At the halfway point in this course, you should now be familiar with the foundations of mindfulness and able to focus on applying it more rapidly and effectively to specific challenges and stressors in your life.

This week you will begin to pay attention to the places where you might be stuck in repeating, unhealthy patterns that you can disarm through mindful awareness. You will also learn how to apply mindfulness at the critical moment when you experience a physical sensation, intense emotion, or condition, with special attention to exploring the effect of reactivity in health and illness.

Week 8:

Mindfulness is most effective when it is a lifetime commitment. This week, you will explore the many ways that you can integrate mindfulness more fully and personally into your life. While having a dedicated regular practice for mindfulness meditation is important and beneficial, it is just as important to bring a broader sense of awareness and presence to every moment in your life and to use non-judgmental mindfulness in your self-reflection and decision-making processes. You’ll learn how to maintain the discipline and flexibility of daily practice as circumstances change over the course of your life.

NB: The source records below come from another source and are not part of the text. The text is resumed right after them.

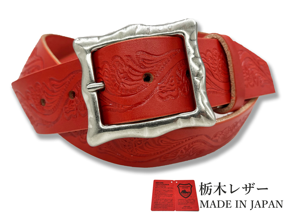 - 新品 栃木レザーベルト Mサイズ 型押し クラフト 40mm 本革 牛革 メンズ レディース 国産 レザー カジュアル 赤色 レッド w072-M-RD
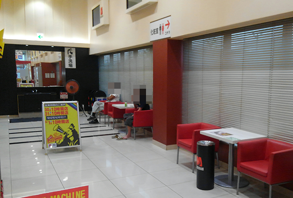 個室の休憩スペースはガラス張りとなっており、遊技の様子もみることができる。シマの近くにもソファが設置されているため、空き台を待つ時間などもリラックスしつつ過ごせそうだ。
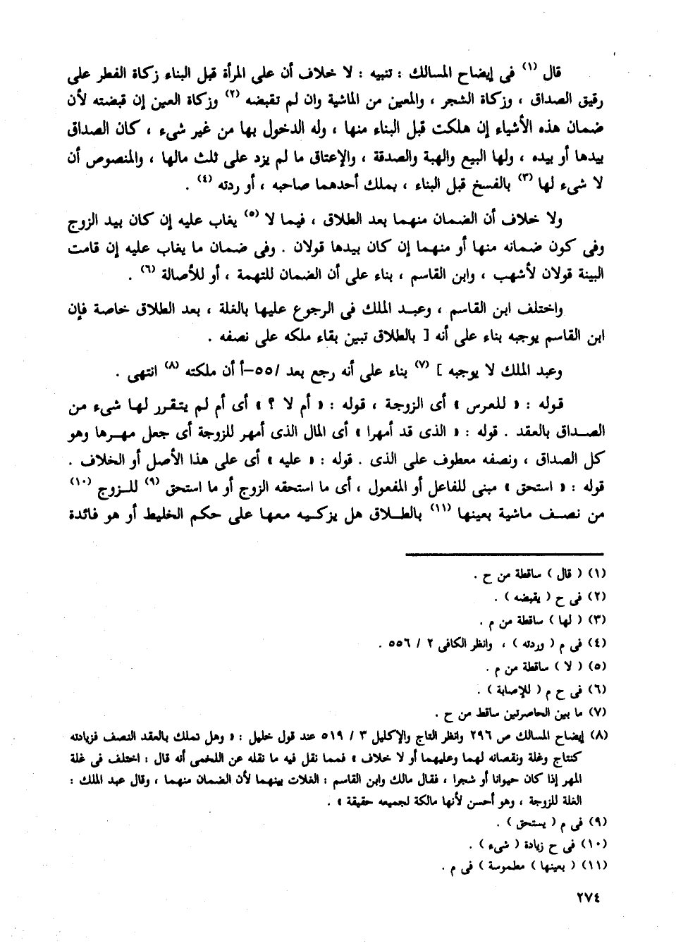 قال في إيضاح المسالك: تنبيه: لا خلاف أن على المرأة قبل البناء زكاة الفطر على رقيق الصداق، وزكاة الشجر، والمعين من الماشية وان لم تقبضه وزكاة العين إن قبضته لأن ضمان هذه الأشياء إن هلكت قبل البناء منها، وله الدخول بها من غير شئ، كان الصداق بيدها أو بيده، ولها البيع والهبة والصدقة، والإعتاق ما لم يزد على ثلث مالها، والمنصوص أن لا شئ لها بالفسخ قبل البناء، بملك أحدهما صاحبه، أو ردته.
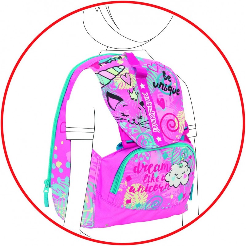 JACKPACK è lo zaino scuola che si trasforma, puoi staccare la parte frontale dal tuo zaino e indossarlo come una pettorina.
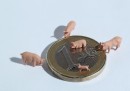 Quella delle foto a corredo di articoli di analisi economica è una vecchia questione, nata soprattutto dall’impossibilità di usare immagini di cronaca o le solite foto di grafici o degli andamenti della Borsa: e i fotografi di tutto il mondo si sforzano sempre di più di trovare un modo originale di rendere visivamente dei concetti astratti, facendo ricorso a miniature,omini dei Lego, fondali fantasiosi, monete di cioccolata e addirittura piccoli animaletti.
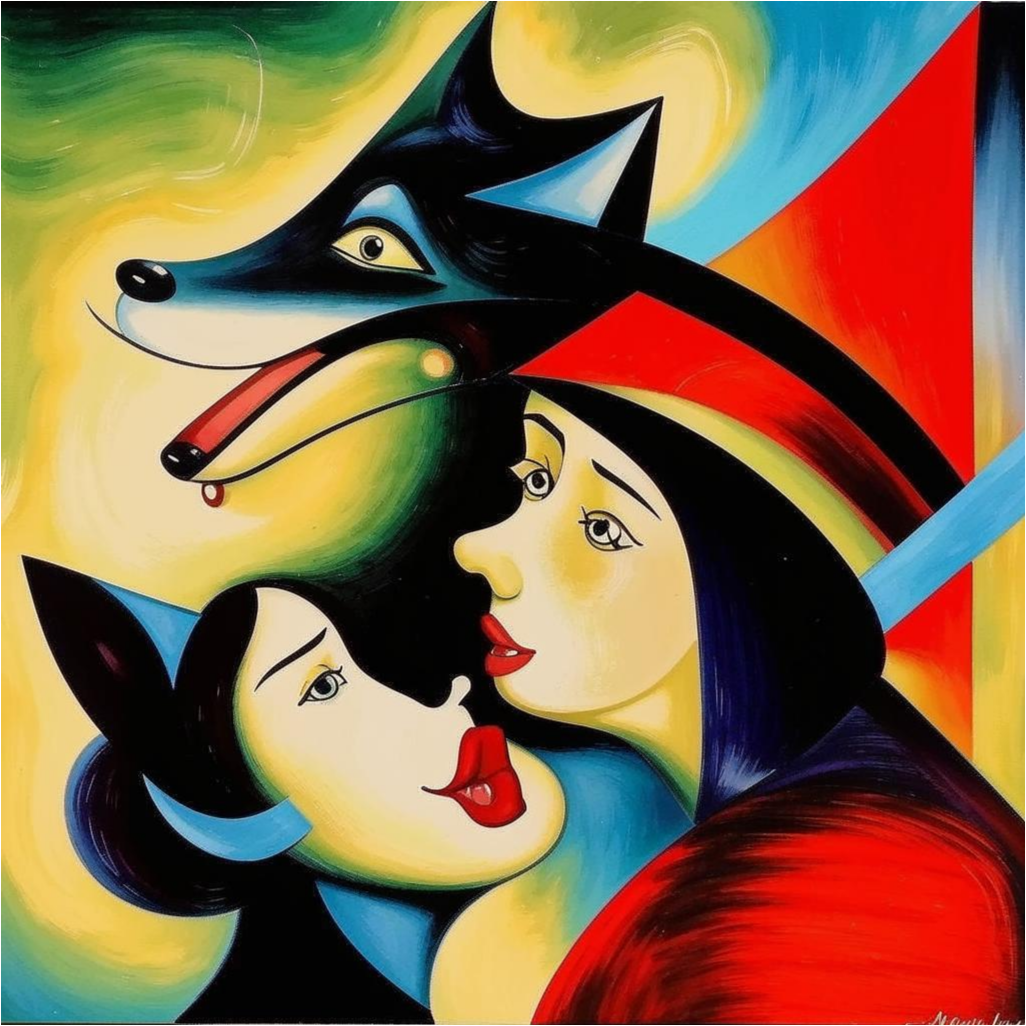 И напоследок - объявилась даже бабушка Шапочки, хотя ее в запросе, клянусь, не было! И у меня жгучее подозрение: а может, ИИ читает произведения? причем без всякого программирования? Так, из любопытства, что там люди нафигачили...

FREQUENTLY ASKED QUESTIONS ABOUT MBSR:

Why should I use Mindfulness?

Mindful meditation can connect your mind and body, and allow your focus to be on one subject at a time which reduces stress.

Who uses it?

The NFL uses mindfulness! Sports Psychologist and Meditation Coach with the Super Bowl-winning Seattle Seahawks, Dr. Michael Gervais, has helped this team achieve success by using several mental techniques including Mindfulness.

Patients with chronic pain use Mindfulness to accept their pain on a moment by moment basis. They report increased peace of mind and a lessening of their pain and worry when they focus on the moment rather than on some time in the future.

Mindfulness is successfully used to prevent relapse with individuals who have been through a treatment program for chemical dependency.

Many others have used Mindful techniques for general well-being, centering and balance in their lives.

How does it work? How can I learn to use it?

If you know a person with anxiety and persistent worrying habits, they may spend much of their time worrying about the future or thinking about the past. Focusing on the present moment rather than the future or the past can positively affect a person’s stress, anxiety or depression.

If you know anyone who has been treated for disordered eating, you may have heard them speak of “intuitive” eating or “mindful” eating. This is the practice of thinking about and enjoying the flavor, texture, and aroma of the food you put into your mouth. This way of eating is exactly the opposite of distracted eating – where you don’t realize how much you ate or even if it tasted good (ex: sitting in front of the TV and mindlessly consuming food or eating in your car while driving down the highway in a rush to get somewhere).  When we bring attention to what we are doing, the experience can become much more pleasurable and time can seem to stand still. Imagine bringing that kind of attention to other parts of your life (relationships, work, and hobbies). This kind of focused attention can improve all areas of your life.